A new global study has revealed that leading artificial intelligence companies including Anthropic, OpenAI, xAI and Meta are failing to meet emerging international safety standards, raising fresh concerns about the rapid development of advanced AI systems.
According to the latest edition of the Future of Life Institute’s AI Safety Index, released on Wednesday, an independent panel found that although these companies are racing to build superintelligent technology, none has an effective plan to control or regulate such powerful systems.
The findings come at a time when public anxiety is growing over AI’s impact on society, especially after reported cases linking AI chatbots to suicide, self-harm and mental health crises. Experts warn that these smarter-than-human systems can now reason and make complex decisions, increasing the risks.

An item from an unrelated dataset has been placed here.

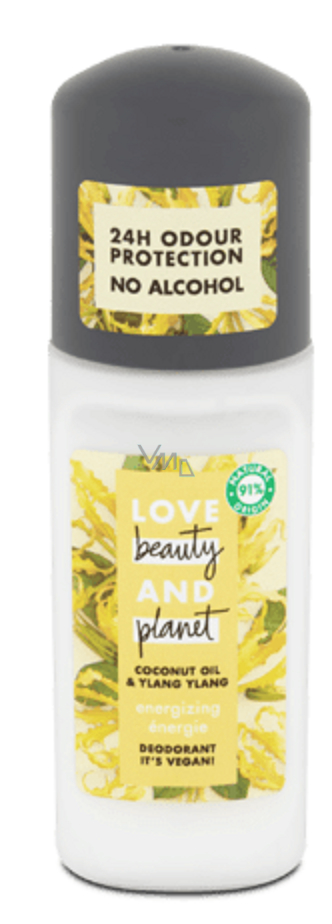Love Beauty and Planet kuličkový deodorant Energizing s kokosovým olejem a ylang-ylang zajistí vašemu podpaží 24 hodinovou ochranu proti zápachu. Deodoranty jsou obohacené o panenský kokosový olej, který je známý svými vyživujícími účinky, zatímco květ ylang ylang naplní vaše rána svěžestí. Veganský deodorant? Žádný problém. S 24 hodinovou ochranou Vám zaručí, že budete vonět celý den. A nejenže naše deodoranty jsou bez alkoholu a netestované na zvířatech, ale také naše nádoby jsou vyrobené z 100% recyklovaných materiálů. My Love Beauty and Planet® věříme, že každý z nás může malými skutky lásky přispět ke změně na naší planetě. Proto jsme se zavázali například k tomu, že budeme do našich vůní používat esenciální oleje nebo esence z etických zdrojů, včetně našich deodorantů.
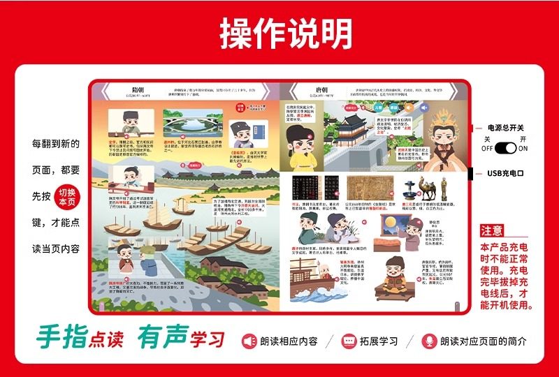 | Color Classification | [Rechargeable] Talking Chinese History Finger Reading Sound Book |

Max Tegmark, an MIT professor and president of the Future of Life Institute, criticised the current landscape, saying that despite rising concerns about AI-related hacking and psychological harm, “US AI companies remain less regulated than restaurants” and still resist legally binding safety rules.
Founded in 2014, the Future of Life Institute is a nonprofit organisation supported early on by Elon Musk. It has consistently warned about the dangers of rapidly evolving AI without strict safeguards.
In October, renowned AI pioneers Geoffrey Hinton and Yoshua Bengio joined a group calling for a temporary ban on developing superintelligent AI until the public is better informed and scientists establish safer pathways.
Some companies responded to the report. A Google DeepMind spokesperson said the firm is committed to advancing safety at the same pace as model development. xAI dismissed criticisms, sending an automated response stating, “Legacy media lies.”
OpenAI said it shares its safety research openly, invests heavily in advanced security efforts and rigorously tests its models to reduce risks.
However, Anthropic, Meta, Z.ai, DeepSeek and Alibaba Cloud did not reply to requests for comment.